Advanced predictive modeling of soaked and unsoaked CBR values using geotechnical soil properties
摘要
Most experimental datasets provide essential information needed for validating predictive models. However, selecting the most appropriate predictive model for a given dataset is often a tedious and ambiguous task, particularly for geo‑materials whose mechanical behavior exhibits substantial variability and weakly defined selection criteria. In response to this drawback, this study evaluates the predictive performance of three models: Multiple Linear Regression (MLR), Support Vector Machine (SVM), and Decision Tree (DT) in estimating both unsoaked and soaked California Bearing Ratio (CBR) values from soil index properties. A dataset comprising liquid limit (LL), plastic limit (PL), optimum moisture content (OMC), maximum dry density (MDD), and percentage passing the No. 200 sieve (PP200) was used to develop and validate the models.
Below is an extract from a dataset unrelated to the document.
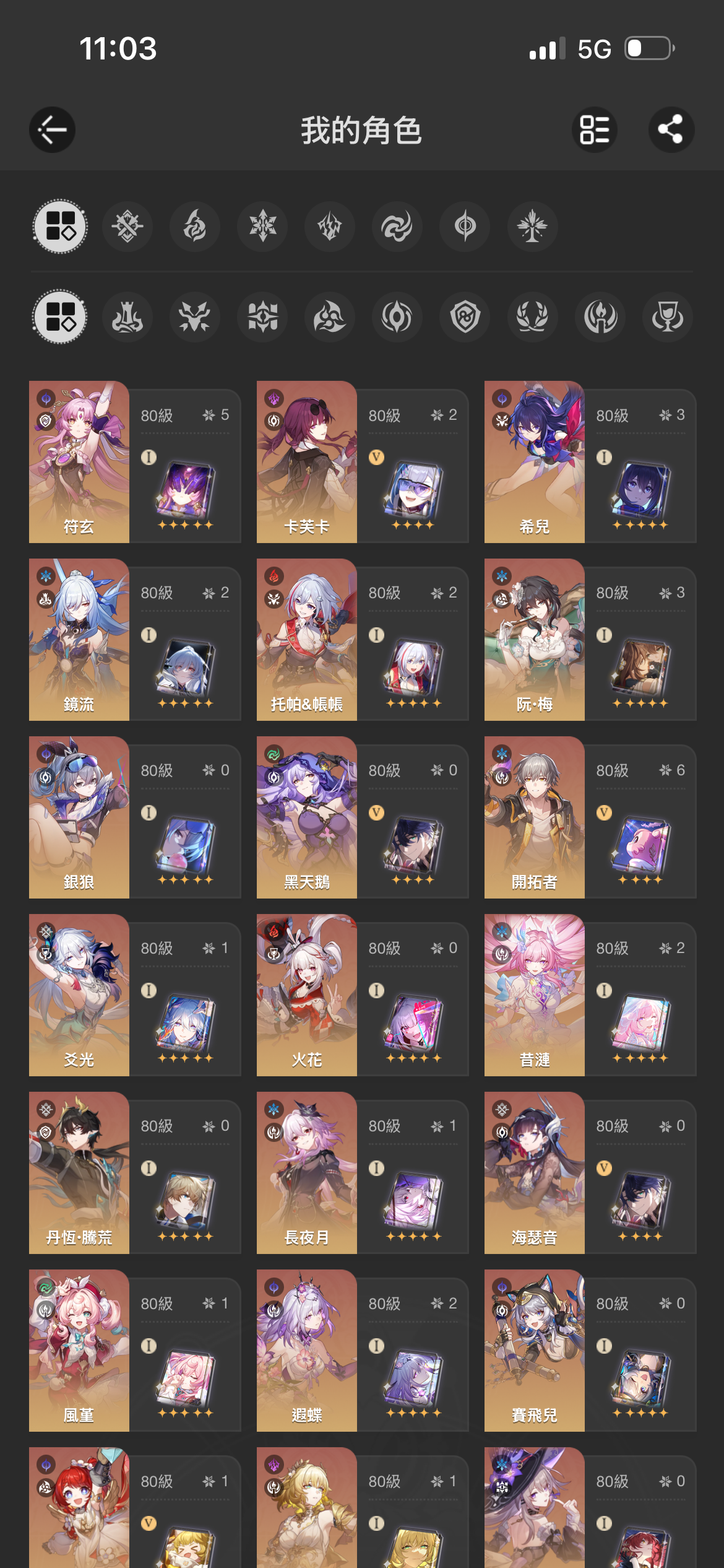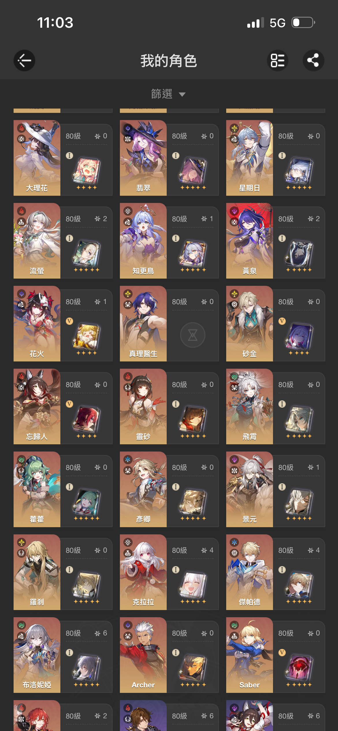 有所有限定活動道具、昔漣弓、頭像、桌布,角色齊全。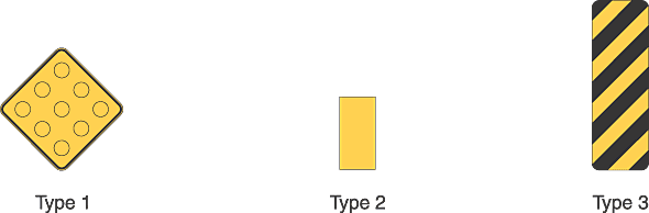 Type 1 is shown as a diamond-shaped yellow sign with nine yellow circles denoting yellow retroreflectors mounted symmetrically in three diagonal rows on the marker. Type 2 is shown as a vertical all-yellow rectangle. Type 3 is shown as a vertical rectangle with diagonal alternating black and yellow stripes. The stripes are at a 45-degree angle beginning at the upper right and slanting down to the left.

The dataset consists of 80 observations for unsoaked CBR conditions and 80 for soaked CBR conditions, giving 160 experimental datasets in total. The novelty of this study lies in the comparative multi-model framework applied to both soaked and unsoaked CBR conditions using experimentally derived lateritic soil data, enabling condition-specific performance assessment and model data compatibility insights for geotechnical prediction. All the models yielded appreciable outcomes, with DT outperforming others in terms of non-linear behavior across both datasets. For the soaked dataset, DT-I achieved the best performance with MSE = 0.0062 and MAE = 0.0601, while for the unsoaked dataset, DT-2 produced the best accuracy with MSE = 0.0099 and MAE = 0.0610. Although SVM provided robust predictions for both conditions, it required careful parameter optimization to reach optimal performance. This indicates that the nature of any dataset and the features of the intended model to be employed are essential and should be matched for proper implementation, which leads to befitting results.